[Intro]
Oddycham czystym powietrzem
Potrzebna mi przestrzeń jeszcze
Tyle tlenu, by zrozumieć wreszcie:
"Zmieniaj siebie, zamiast zmieniać miejsce..."
[Zwrotka 1]
Nie masz pojęcia, ile razy zwątpiłem w ten album
Którą godzinę ilość BPM mi wyznacza rytm
Ile razy mogłem się odezwać, a milczałem jak grób
A tylko tyle się za tym kryje, że miałem w tym zysk
Przez ostatni rok, głównie na walizce
Przez ostatni rok, lot - Ryanair i Wizzair
Przez ostatni rok, ciąg - bieg z lotniska na festiwal
W domu spałem może trzy dni, więc już go tak nie nazywam
Trzymamy się bliskich jak samotność trzyma w ryzach
A świadomość, że przemija wszystko, pyta: "gdziе rodzina?" (gdzie rodzina?)

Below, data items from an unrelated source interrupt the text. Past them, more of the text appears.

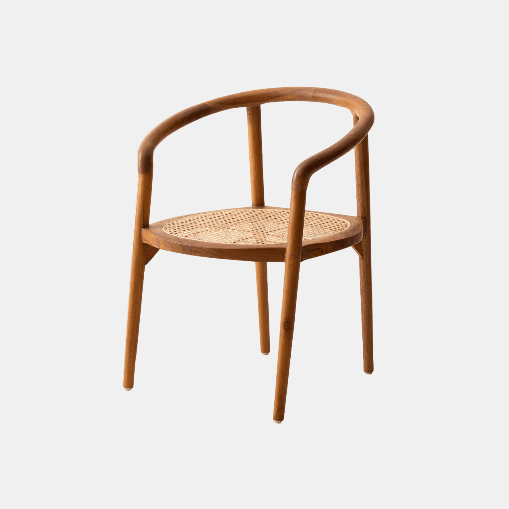 Dans une salle à manger soignée, la chaise Cinta apporte un dessin net et une lecture équilibrée des matières. Sa structure en teck massif de classe A, laissée dans une finition naturelle, met en valeur la sobriété de ses lignes tandis que l'assise et le dossier en cannage de rotin naturel allègent l'ensemble. L'association du bois et du cannage crée un contraste juste, entre densité visuelle et finesse du tissage, qui rappelle l'esprit des chaises de bistrot sans en figer le style. Autour d'une table, Cinta trouve facilement sa place dans un intérieur bohème, un décor d'inspiration scandinave ou une composition plus épurée. Son allure reste simple, mais suffisamment travaillée pour accompagner des ambiances variées, du coin repas quotidien à un espace plus soigné. La fabrication artisanale renforce ce caractère authentique, tout en conservant une ligne adaptée aux intérieurs contemporains. Le teck naturel donne de la tenue à la chaise, le cannage introduit une note plus légère, et l'ensemble compose une assise aussi décorative que facile à intégrer.
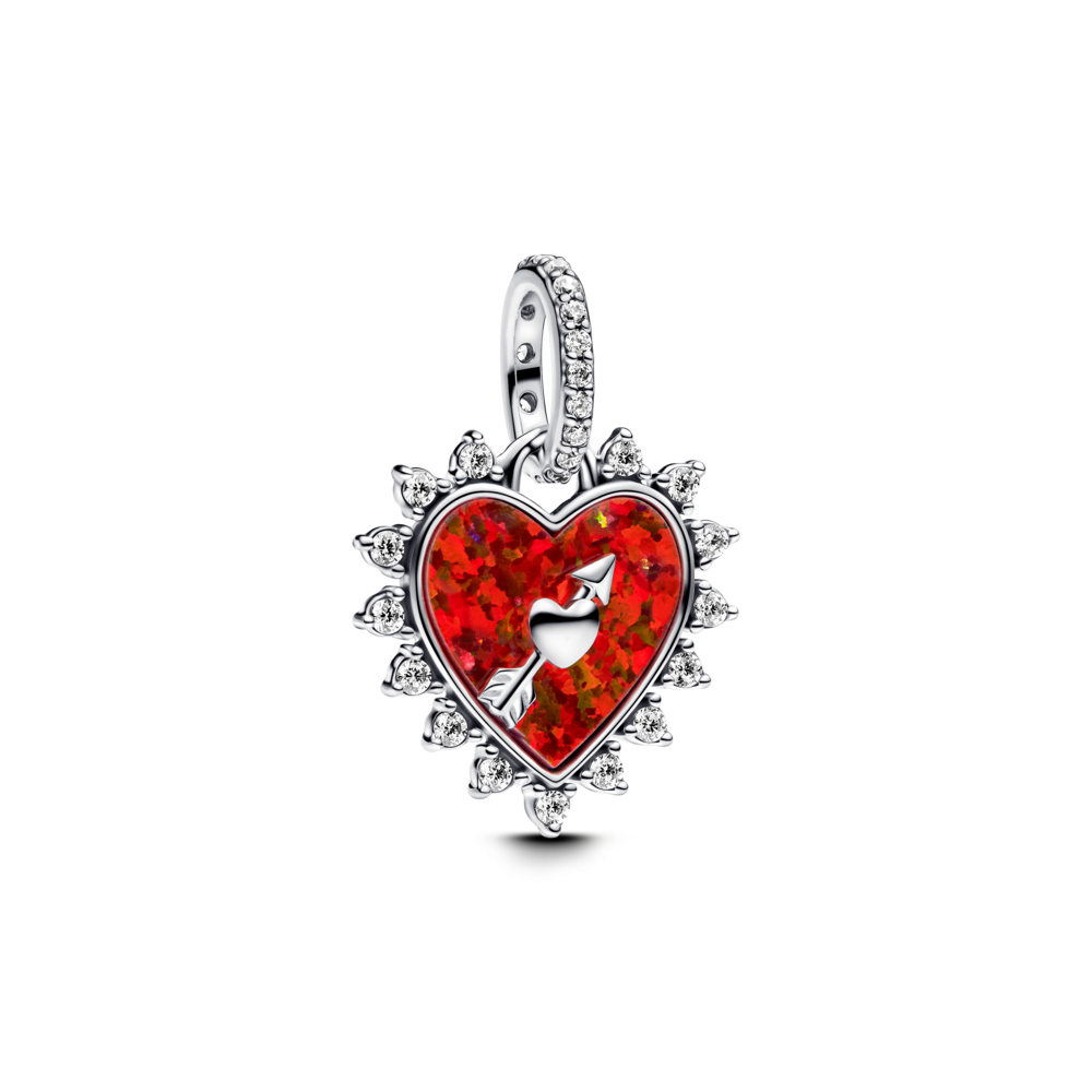 Spinnable arrow heart sterling silver dangle with red lab-created opal and clear cubic zirconia
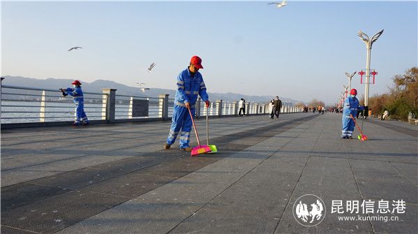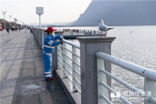 冬季的海埂大坝,除了远眺西山“睡美人”的静谧、欣赏漂浮在滇池上的点点白帆,观赏和喂食海鸥一定是昆明人乃至海内外游客不可或缺的“规定动作”。然而,每每喂食,衣服上常会不幸“中招”海鸥粪便,大家在感叹鸥粪难洗的同时,一定没有想过,那些掉落在大坝上的鸥粪是被怎样清理干净的。其实,这些像“口香糖”一样黏在地上的鸥粪极难清理,它们掉落在地面,被风吹后会变得干燥,并牢牢粘在地上,普通的扫帚根本无法扫净。传统的方法是用小铲子一点点铲,但那样费时费力,也不便于游客赏鸥。
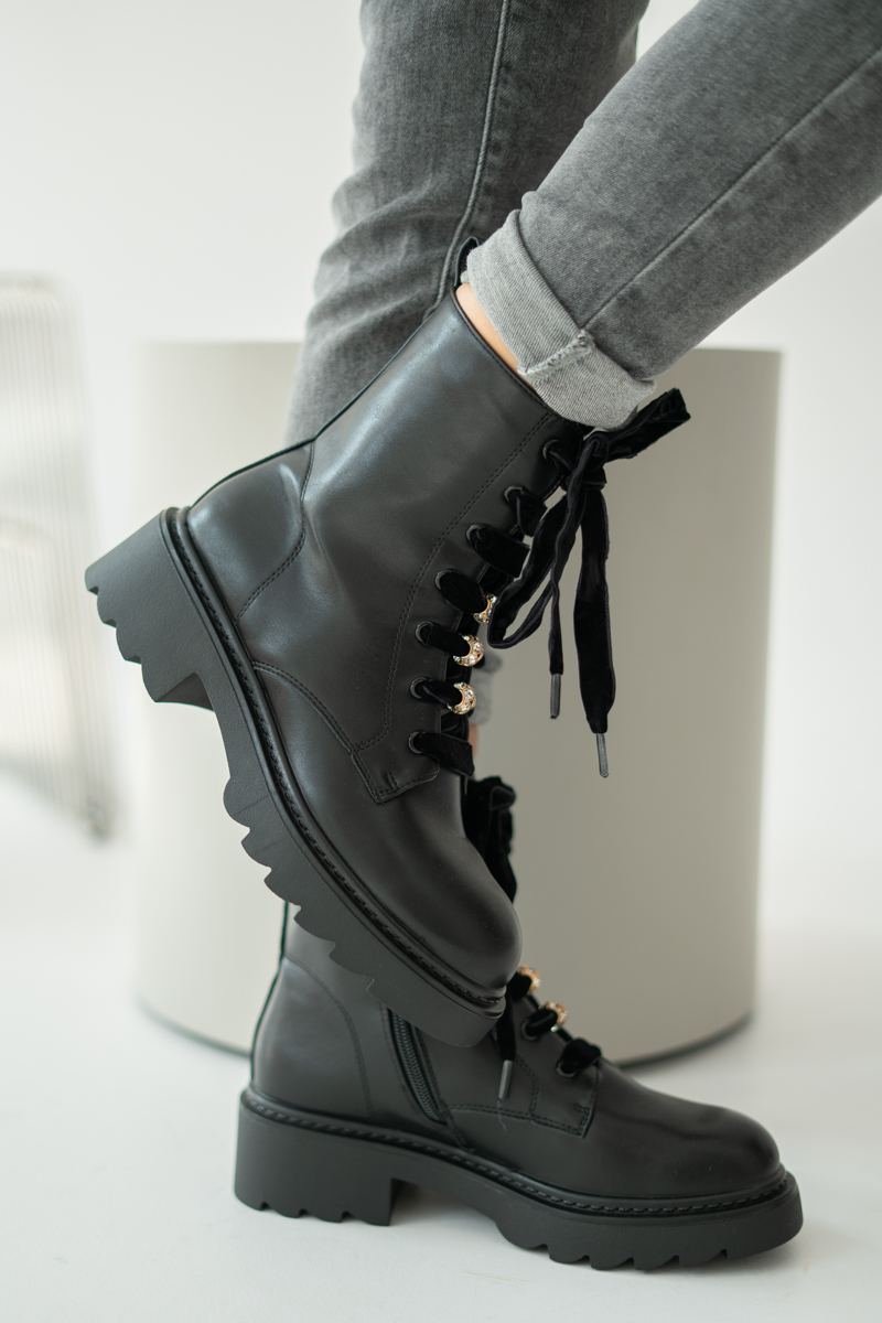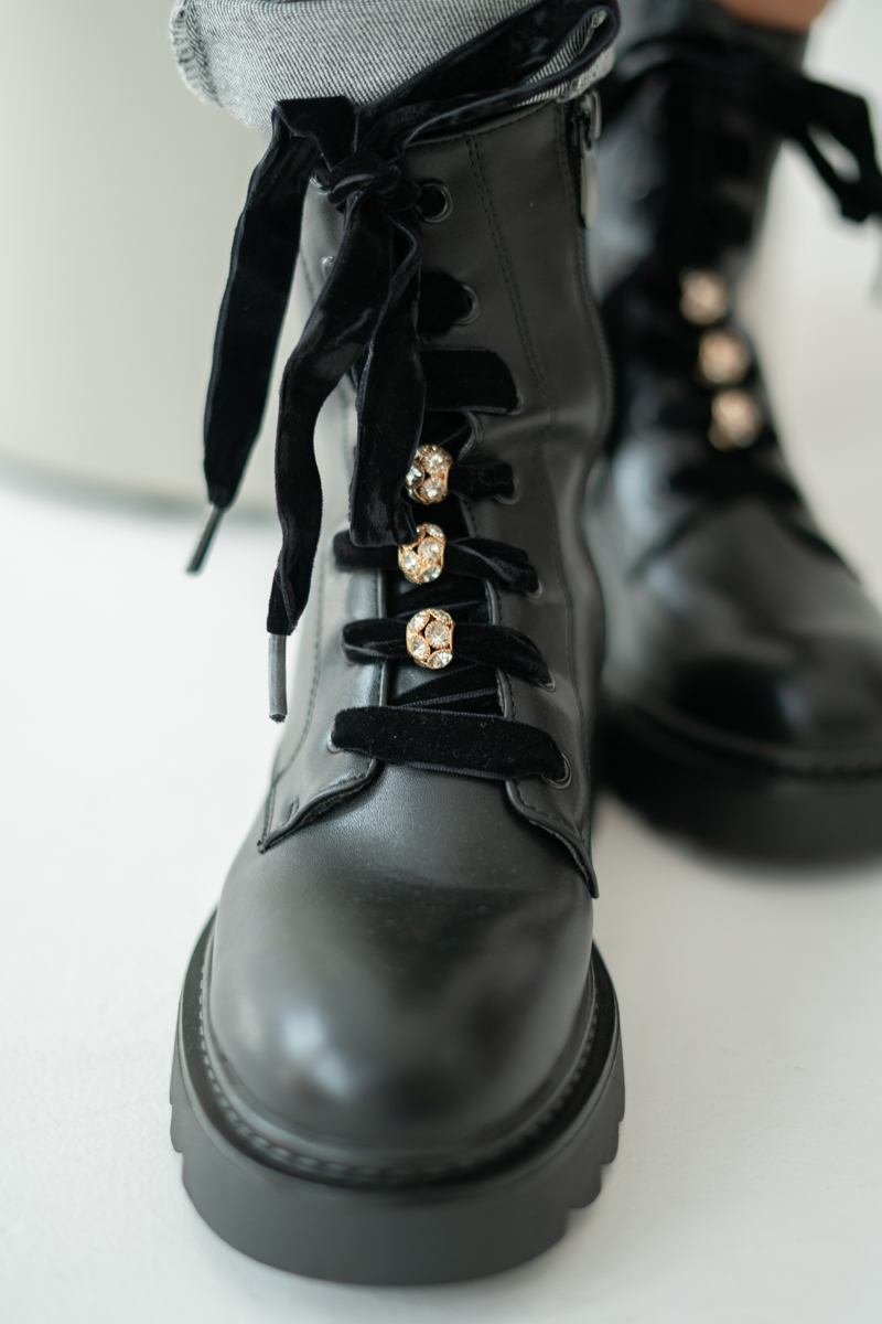 Workery z aksamitnymi wstążkami Czarne – Brelyssa to oryginalne botki, które łączą w sobie rockowy charakter z subtelną nutą elegancji. Wykonane w klasycznej czerni, zyskują wyjątkowy urok dzięki aksamitnym wstążkom zastępującym tradycyjne sznurowadła oraz ozdobnym złotym guzom, które dodają im niepowtarzalnego stylu. Solidna, grubsza podeszwa zapewnia stabilność i wygodę podczas chodzenia, a miękka wyściółka dba o komfort stóp na co dzień. Dzięki praktycznemu zamkowi z boku, zakładanie butów jest szybkie i wygodne. To idealna propozycja dla kobiet, które lubią łączyć nowoczesny design z kobiecymi akcentami – sprawdzą się świetnie w casualowych, jak i bardziej stylowych zestawach.
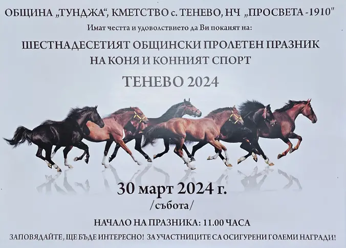 На 30 март 2024 г., от 11.00 часа, на герена в село Тенево ще се проведе Общинския пролетен празник на коня и конния спорт.

To nie tylko, wiesz, zajawka już, bo bilans
Musi taki być, by opłacić chatę, w którеj nie bywam
Robię album, musi inny być, niż wszystko, co nagrywam
A całym sobą przeżywam to, że nie ma mnie dziś przy Was
Trochę THC, przedział PKP, na szybach smuga
Pociąg relacji, Kato - WWA
[Refren]
Odnajdziesz mnie bo, bo nad nami niebo
Jakbyśmy zlepili je z jednego snu (uuu)
W środku niczego, już niedaleko
Mamy do miejsca, gdzie oberwanie chmur
[Zwrotka 2]
Lekki mood, czarne BMW, rocznik dwa zero osiem
Tyle dróg, lewy pas tak pusty jak prawy fotel
Muszę gnać, chociaż nie chcę to zatrzymamy się potem
Jakby cały świat to był już dla nas pierdolony hotel
Zapalniczka Zippo rozświetla blade poliko
Przesiąka benzyną tafla powietrza dana za friko
Drogi to jest dla nas czas, ale jeszcze droższa miłość
Gdy świadomość, że przemija wszystko, pyta: "co z rodziną?" (co z rodziną?)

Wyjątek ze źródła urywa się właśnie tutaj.